When one says a Pixar film isn’t “Pixar good”, what do they mean? Simply put, the film in question isn’t up to par with the caliber of films that Pixar has a reputation of putting out. The thing with critics recently is that they feel the need to compare a film to the other films released by the same studio, director or series. Does it make sense? No. Is it fair? Absolutely not, but it is human nature so I don’t really fault anyone for jumping to that sort of analysis. The same has been done with films by a certain director (Tarantino, Scorsese) or films within a series (Harry Potter, Lord of the Rings). To a much higher degree, the same can be said of Pixar and it’s this outright writing-off of a film because it doesn’t match up to its predecessors that bothers me.
Pixar’s animation resume is stellar having made 12 films before Brave with an average rating on Rottentomatoes of 90%. The average rating on Metacritic, an arguably more telling rating system, is 83. That’s a pretty incredible track record and it’s understandable that human nature would call for a comparison of a film with the other Pixar films. It’s not fair, because Pixar films are so good. What’s more, a Pixar film can be a great film in its own right, but still be on the low end of the Pixar list. As seen below, Brave, with a 75% and 69, respectively, falls 11th out of the 13 Pixar films. However, a 69 Metacritic score makes Brave tied for the 3rd highest-rated wide-release of 2011 and 26th out of 125 total films.
So, according to these numbers, is Brave “Pixar good”? Not quite. But then again, these numbers are based directly on critics who score the film with the mindset of comparing Brave to all of the other Pixar films.
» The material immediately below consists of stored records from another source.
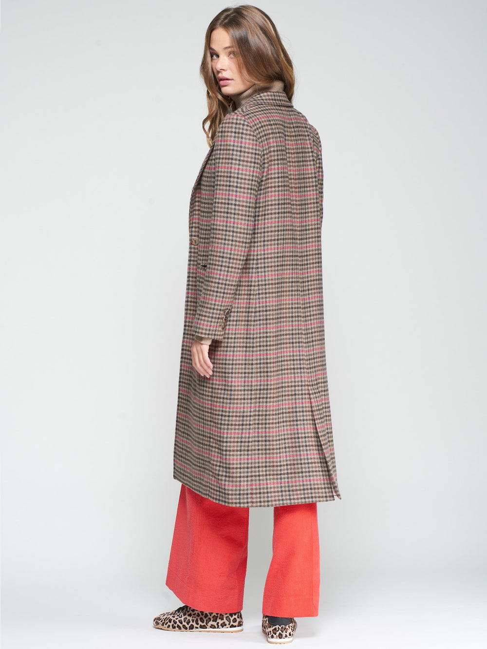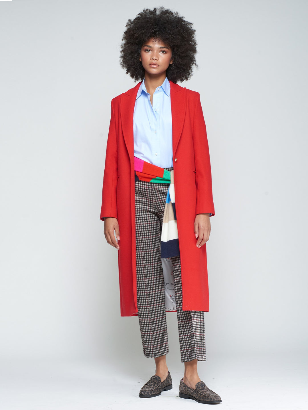 PINK AND ORANGE DIAGONAL STRIPED WOOL COAT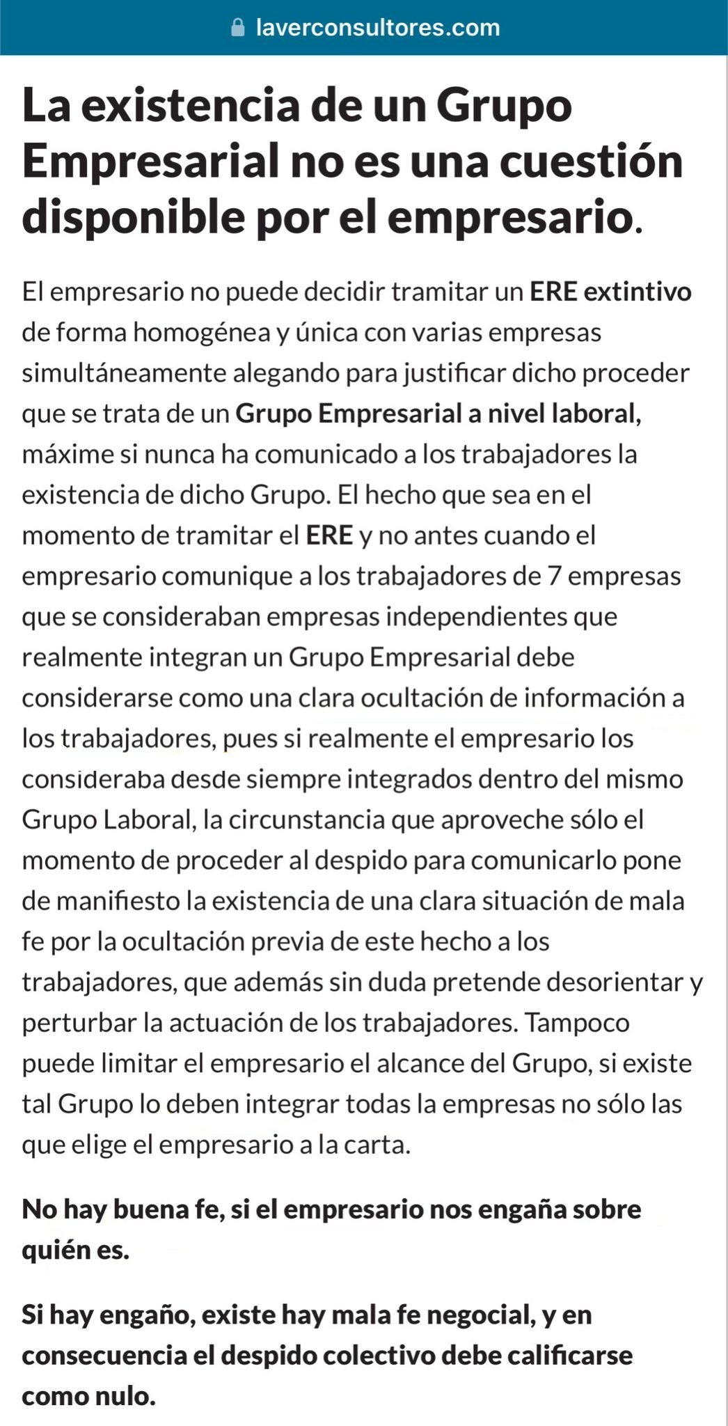 Consideramos ilegítima la mesa de negociación, maquinada a medida por la Dirección para desvirtuar la representatividad social y crear de manera ficticia y sorpresiva un aparente Grupo Laboral que no se corresponde con la realidad económica y empresarial de la compañía.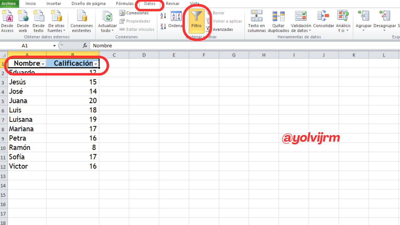 Ahora, por otra parte, para realizar el filtrado de los datos, en esta misma sección Datos, se hallará dl ícono de Filtrar, ahaciendo click en ello, se mostrará el símbolo del filtrado en las celdas que corrresponden al encabezado.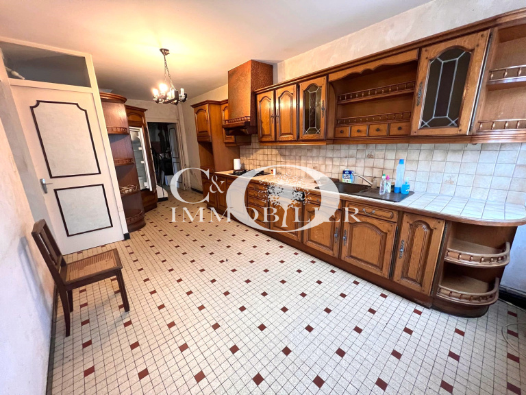 Située dans le bourg, maison à rénover comprenant au rdc : une pièce de vie avec cheminée, une cuisine séparée aménagée et équipée, une arrière cuisine avec cheminée, un WC séparé, une salle d'eau et une dépendance en pierres d'environ 70 m² attenante à la maison et avec un puits.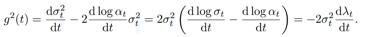 λtλ_t는 SNR로서 시간이 증가할수록 감소하게됩니다. 해당 변수를 이용해서 g2(t)g^2(t)를 나타내면 위와 같이 간소화할 수 있습니다. SDE 수식 f (t) = d log αt/dt 값과 위에서 구한 g2(t)g^2(t)λtλ_t로 변환한 식을 대입하면 아래와 같은 최종식을 얻을 수 있습니다.

It’s a vicious cycle of self-fulfilling prophecies and snakes eating themselves. The scores and ratings of a film by critics who say that the film isn’t “Pixar good” will certainly reflect that very result.
But let’s forget about the Rottentomatoes and Metacritic scores. What about the actual film deems it not up to par with other Pixar films? The sheer look of the film, the landscape, the color and the cinematography are absolutely magnificent and on par with or better than most other Pixar films. It’s humorous, adventurous and it’s cute, like other Pixar films. It’s Celtic. It’s beautiful. It’s imaginative. So what is it about Brave that bothers people?
I’ve heard it said that there’s no story, but what people really mean by that is that there is no Pixar formula. That’s the formula that Pixar uses relentlessly in at least half of its films where someone is lost and most of the film is spent showing their journey back to what they are separated from. It’s a basic formula that was lifted straight from The Brave Little Toaster (1987). All of the Toy Story’s use that formula. Finding Nemo is that formula personified and Monsters, Inc. is that formula turned inside-out. Do you know which films DO NOT rely solely on that formula? 3 of the 5 highest rated Pixar films on Metacritic: The Incredibles, Wall-E and Ratatouille (Remy doesn’t want to get found). Oh, and Brave. Brave doesn’t use this formula. Instead, it combines just a tiny bit of that Disney princess theme with a warrior/huntress/rebellious teenager flavor. Wicked witches and magic spells are present. There’s not an evil stepmother to overcome, but an actual loving, misunderstood mother who wants what’s best for her misunderstood daughter.
I’m afraid that there are no toy cowboys riding on remote control cars or little plastic army men repelling down staircases. Trash heaps aren’t cities. Cars don’t have mouths. Free-hanging doors don’t lead to bedrooms. Robots don’t fall in love nor do houses fly across the world with the help of hundreds of balloons. There’s nothing wrong with the story. It’s just not stuffed with crazy little filler nonsense that audiences have come to expect from Pixar films. Audiences’ attentions aren’t held by the cheap suspense of whether or not the characters will find or get found. Instead, they are bored with a simple, yet loving, story of the relationship between a mother and her teenage daughter and their effort to understand each other. And it’s for those very reasons that Brave is “Pixar good”.